▸ **TASK REQUIREMENTS**: A word-for-word copy of the data is what's wanted; pictures stay out of it.

══ EXERCISE DATA

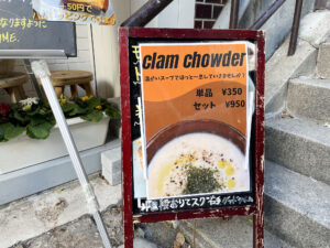 すると店の人がクラムチャウダーのセットをすすめてくれたので、それでお願いした。
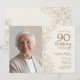 Elegant Gold Floral Photo 90th Birthday Invitation
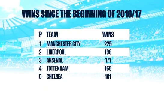 在瓜迪奥拉的带领下,曼城在304场英超联赛中取得了225场胜利,比其他任何球队在同期取得的胜利都至少多29场,球队的胜率为74%。

════

▸ **EXERCISE RESULT**:
 すると店の人がクラムチャウダーのセットをすすめてくれたので、それでお願いした。
 Elegant Gold Floral Photo 90th Birthday Invitation
 在瓜迪奥拉的带领下,曼城在304场英超联赛中取得了225场胜利,比其他任何球队在同期取得的胜利都至少多29场,球队的胜率为74%。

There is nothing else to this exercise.